Tuesday, May 29, 2012

MOONRISE KINGDOM


Wes Anderson was, for me, a film-maker like Tim Burton.  A man with a distinct and beautiful visual style but whose tendency to rework the same themes, with the same actors, playing essentially the same characters, had begun to pall.  I particularly hated his last live action film, THE DARJEELING LIMITED, for its self-absorption, narcissism, rather exploitative attitude toward its Indian context, and ultimately for just being dull. With this in mind, I went into  MOONRISE KINGDOM with barely any hope that I would find the kind of film - at once whimsical and yet also profound (echoes of Tarsem Singh's THE FALL!) - that I had fallen in love with while watching THE ROYAL TENENBAUMS.

Well, my fears were groundless. MOONRISE KINGDOM is a simply wonderful film.  It is, of course, beautifully designed, rich in background detail, empathetically scored, and well-acted.  It affects a sweet yet knowing innocence - it's full of characters struggling to deal honestly with themselves and their loved ones - it deals with the darkest of emotions but it drips with hope - in friendship, in people doing the right thing - in family.  It's as if everything that began to feel so clichéd about Wes Anderson has finally been re-united with sincere emotion - and that this emotional authenticity has cut through the stagey-ness of the costumes, locations, soundtrack - and transformed a whimsical confection into something altogether more lasting, provocative and memorable.  It's as if Wes Anderson finally gave in and just told the story he always wanted to tell - about first love.

Suzy B (Kara Hayward) falls in love with an eagle-scout called Sam (Jared Gilman) one golden summer in 1965. The carefully hatched plan to leave together triggers a sequence of scrapes, jams, shenanigans, emotional revelations and deeds good and ill.  
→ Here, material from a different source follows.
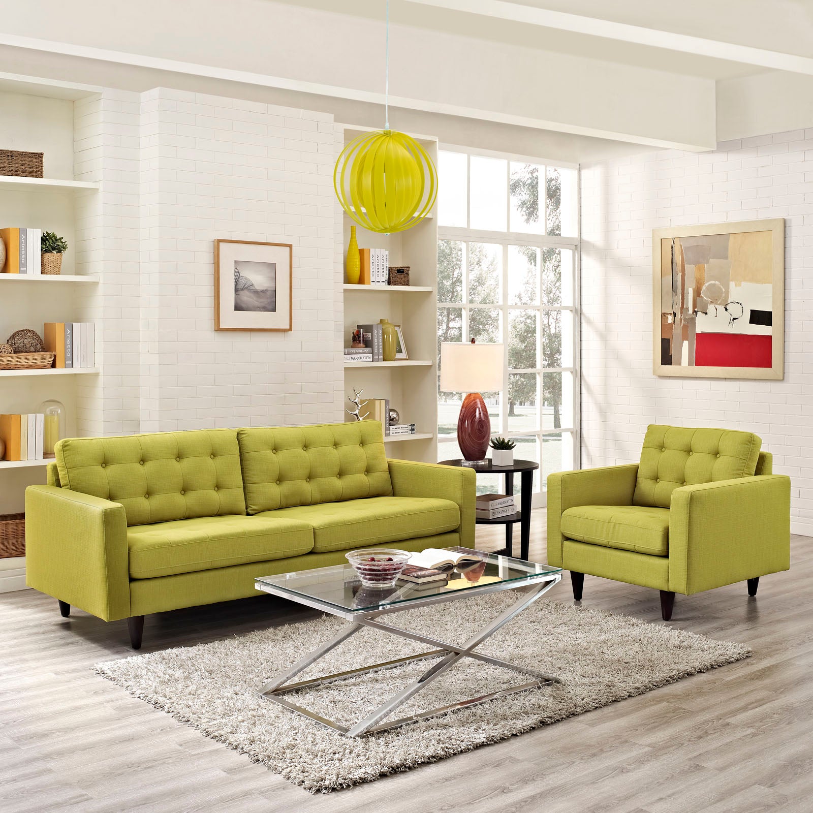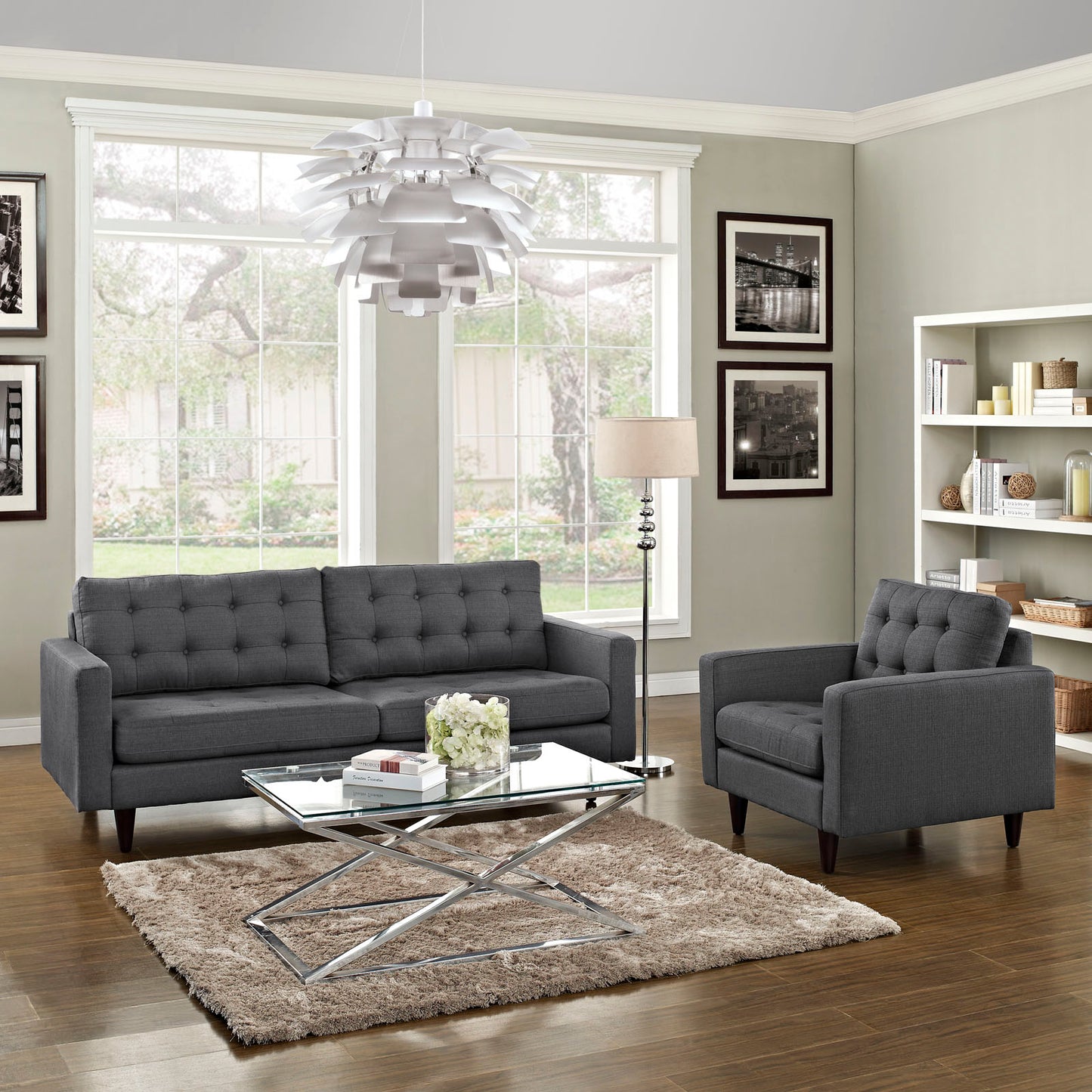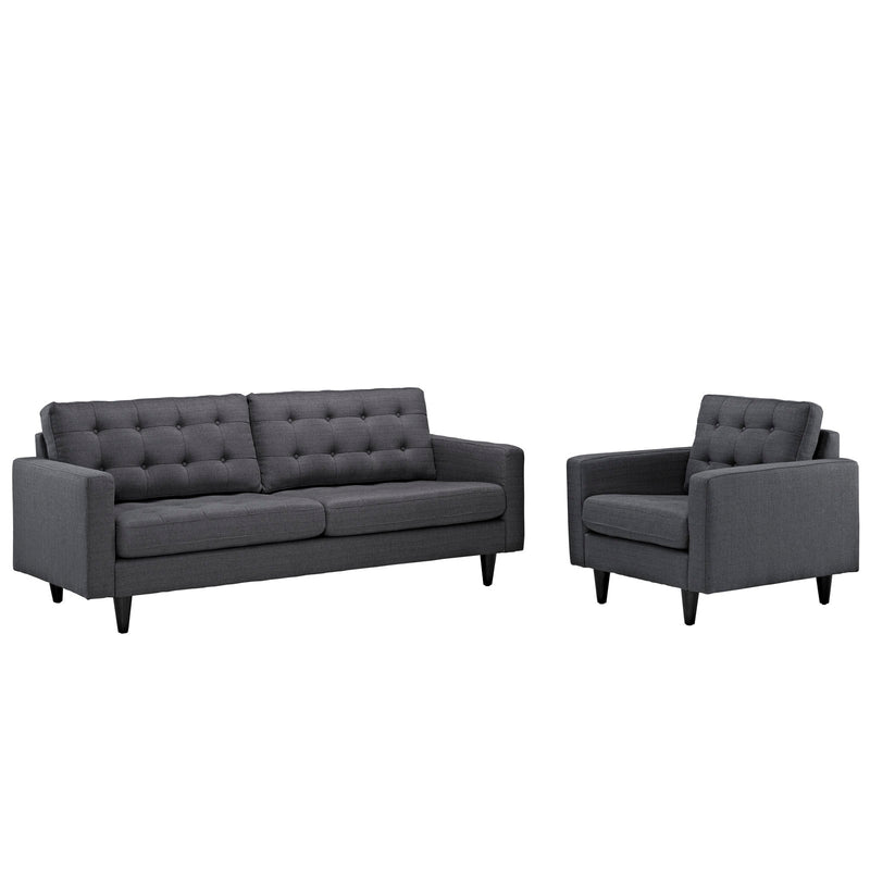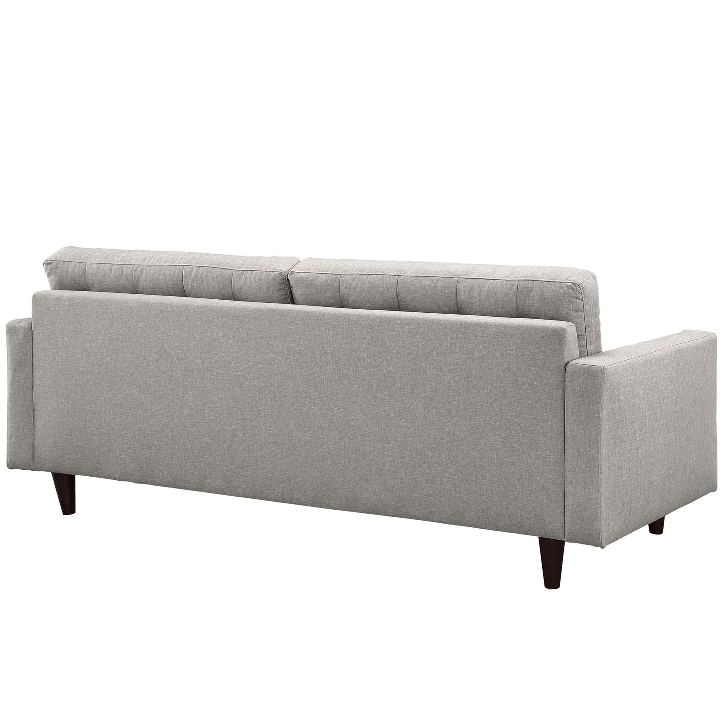 End the rule of unjust sovereignties that wage a useless war for your interiors. Empress leaves the would-be heiress of holistic furnishings in the dust with a design that rivals any competitor. Empress is heralded with deeply tufted buttons, plush cushions, and armrests that convey that perfect air of nobility. The solid wood legs come with plastic glides to prevent floor scratching, and the fine fabric upholstery leaves the recipients feeling richly rewarded.

Anderson perfectly captures that intensity of feeling when you're a kid and you feel nobody understands you apart from this one perfect person. Suzy's trying to escape her family - her kid brothers, her distant father (Bill Murray) and the mother (Frances McDormand) she suspects of sleeping with local policeman (Bruce Willis). Sam's an orphan and a misfit with a good heart. In one of the most affecting scenes, written in exact mimicry of how we speak at that age, Sam tells Suzy he loves her but she's talking nonsense for hating her parents. Suzy and Sam run away together.  They're at the age and living in the time when you're hold world fits into a suitcase, and you take your're favourite adventure stories rather than clothes. When you can place you're entire life into the hands of another person without second-guessing yourself.  
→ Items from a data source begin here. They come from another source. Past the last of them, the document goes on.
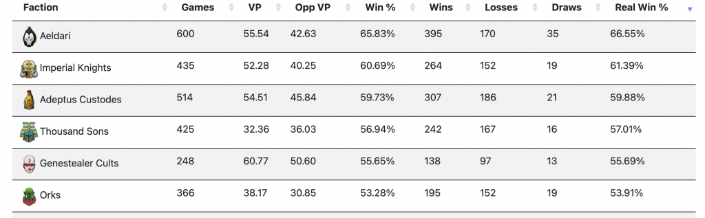 Finally, we have TiWP - Tournaments in Winning Position - and TiWP Ratio, which are the type of sabermetrics-looking thing you’d see in Baseball Prospectus. This is a more complex statistic, and describes how many times a given faction was in position to win a GT or larger event. Think of these as your 4-1 or 5-0 players: they might not win the event overall, but going into the final round they hadn’t been mathematically eliminated yet. TiWP itself is fine, but it’s the combination of TiWP and games by faction that produces the fourth OK stat, TiWP ratio. This is the ratio of how widely represented an army is in the meta to how often they come up in TiWP. If a faction shows up in 10% of TiWPs despite only being only 5% of the field, the TiWP Ratio would be 2.0, and that army is probably a little too good. It also probably means the models are sold out and you’re about to see a lot of proxies or 3D-printed versions of them on the table, because they’re very good.
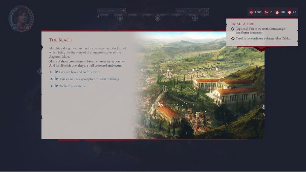 Dalle sperdute isole della Grecia alle immense distese del Nord Africa, fino ad arrivare alla fredda e inospitale Gallia. Senza dimenticare, naturalmente, la capitale del mondo, Roma. Il sistema di scelte e conseguenze introdotto da Logic Artist funzionerà egregiamente, permettendoci di plasmare a piacimento la storia che si svolgerà dinanzi a noi. Per questo motivo sarà importante prestare la massima attenzione ai dialoghi e a tutte quelle piccole e grandi scelte che potrebbero rivelarsi decisive per il futuro del nostro alter-ego.
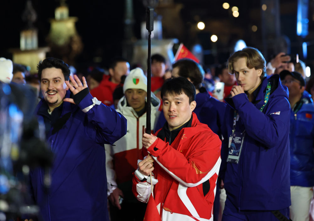 ↑中国自由式滑雪运动员齐广璞(中)在闭幕式入场。
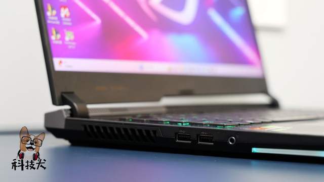 在机身左侧提供了2个USB 3.2 Gen1 Type-A×2接口,让ROG魔霸7 Plus超能版采在众多游戏本中显得格外的独特。
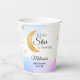 Celebrate a whimsical celestial baby shower with these charming paper cups. The design features a gold crescent moon and scattered stars set against a soft watercolor blue and purple wash. These are perfect for serving hot or cold beverages to guests with a little star is brewing or twinkle twinkle theme baby shower.
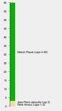 The front row of the grid was occupied by the Renaults of René Arnoux and Jean-Pierre Jabouille, although Piquet led by lap 4 and was never headed. On lap 6, Villeneuve crashed his Ferrari heavily at the corner which now bears his name, following a puncture. Villeneuve escaped unhurt, but the incident also caused the retirement of Bruno Giacomelli, who ran over some of the debris in his Alfa Romeo. Jones moved up to second on lap 29 after running as low as seventh. Behind Reutemann, Elio de Angelis finished fourth in his Lotus, with Keke Rosberg fifth in his Fittipaldi and Didier Pironi sixth in his Ligier.
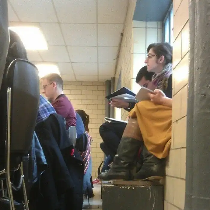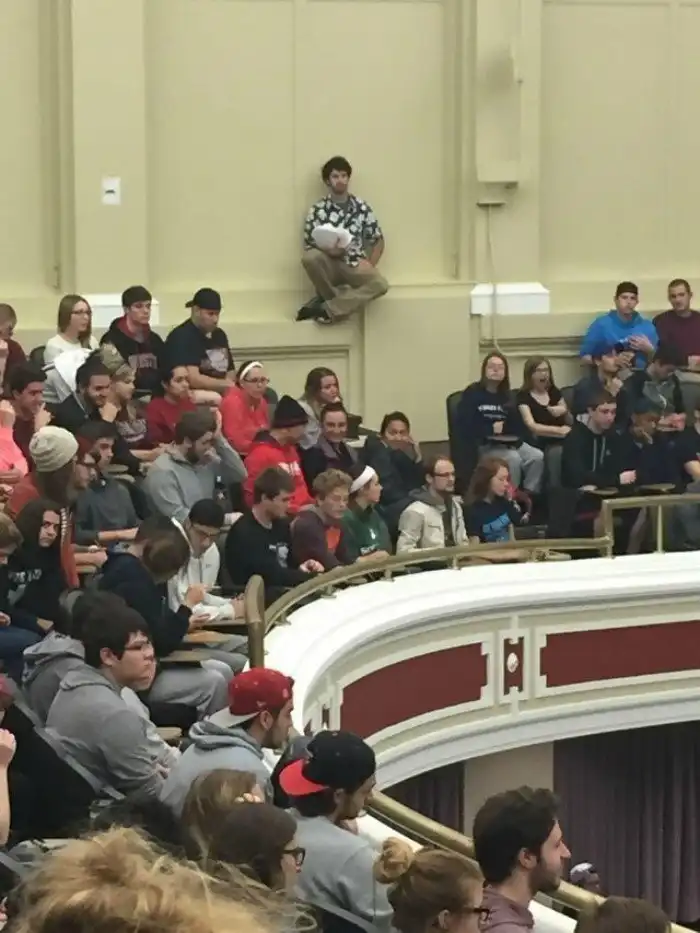 5. Опоздавшим не хватило места в аудитории, но тяга к знаниям была сильнее
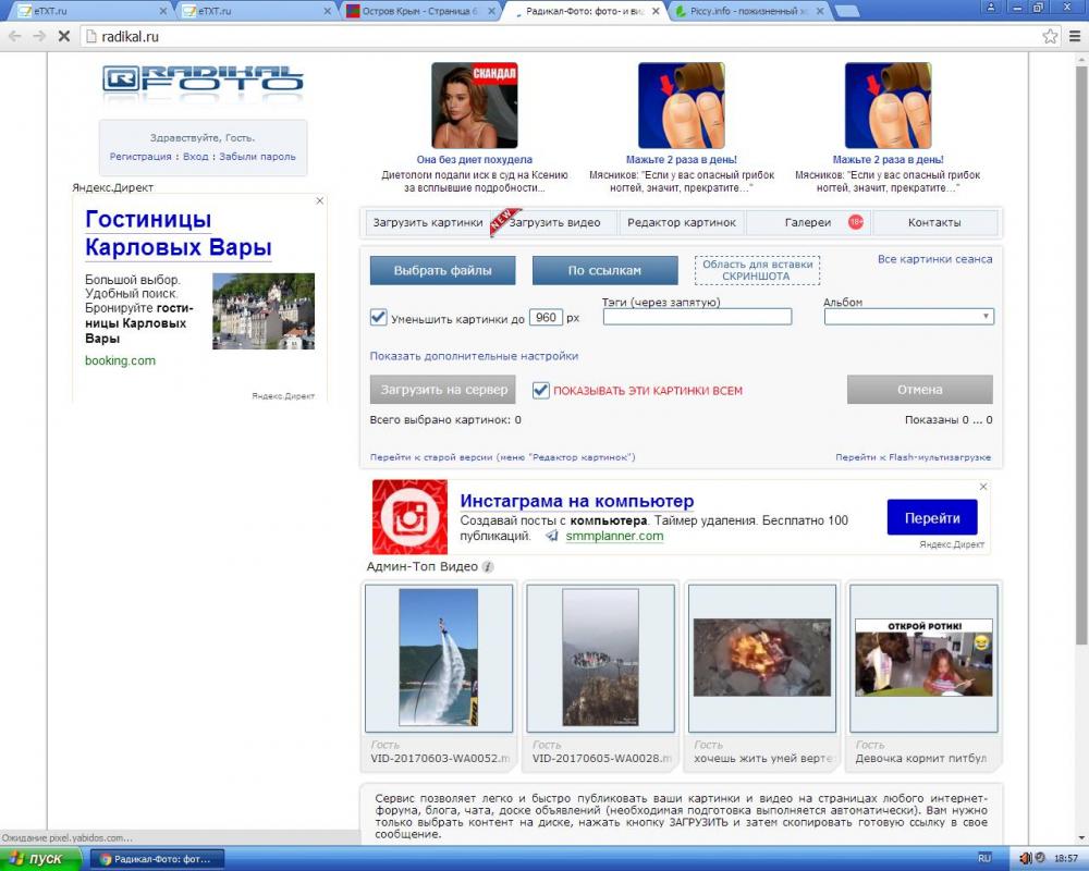 Какая реклама? Не пиши чушь. Ставь прогу, а не через сайт! и по клику на картинку или группу картинок они заливаются и автоматом в буфере ссылки и даже в тэге.

There's a deep vein of melancholy running through the film. Most of the adults seem desperately lonely, none moreso than Ed Norton's majestically decent scout leader.  The exception is the almost mechanical Social Services, played by Tilda Swinton with steely efficiency. But the kids are in their own world, where all things are possible, and where adults barely skim the surface, except as occasional constraints and only too rarely as facilitators. There's excitement and wonder and threat and crushing disappointment. As the movie builds to a pivotal final scene (superbly scored to Britten's Noye's Fludde) I realised that I deeply cared about these kids.  I wanted desperately to know what they happened to them, and not just to download the soundtrack they were listening to. It's been a long time, but we finally have a Wes Anderson movie that makes us feel as well as admire its surfaces.  
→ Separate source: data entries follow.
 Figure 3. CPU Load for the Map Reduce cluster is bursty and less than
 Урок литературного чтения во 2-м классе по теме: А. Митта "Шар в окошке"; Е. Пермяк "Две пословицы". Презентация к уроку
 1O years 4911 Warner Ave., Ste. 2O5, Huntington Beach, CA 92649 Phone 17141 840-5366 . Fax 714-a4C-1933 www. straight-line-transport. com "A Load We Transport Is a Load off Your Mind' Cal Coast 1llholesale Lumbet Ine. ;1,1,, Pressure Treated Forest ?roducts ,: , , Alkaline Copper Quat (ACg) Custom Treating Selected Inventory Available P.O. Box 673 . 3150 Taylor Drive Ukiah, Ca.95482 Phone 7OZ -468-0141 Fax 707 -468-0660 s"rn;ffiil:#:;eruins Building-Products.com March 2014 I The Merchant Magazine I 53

MOONRISE KINGDOM opened Cannes 2012. It is on release in France, Germany, Ireland, Turkey, the UK and he USA. It opens next weekend in Belgium, Iceland, Hungary and the Netherlands. It opens on June 6th in Sweden, on June 8th in Norway, on June 15th in Greece and Spain, on June 21st in Russia, on June 2nd in Portugal and Lithuania, on August 16th in Slovenia and Argentina and on August 30th in New Zealand.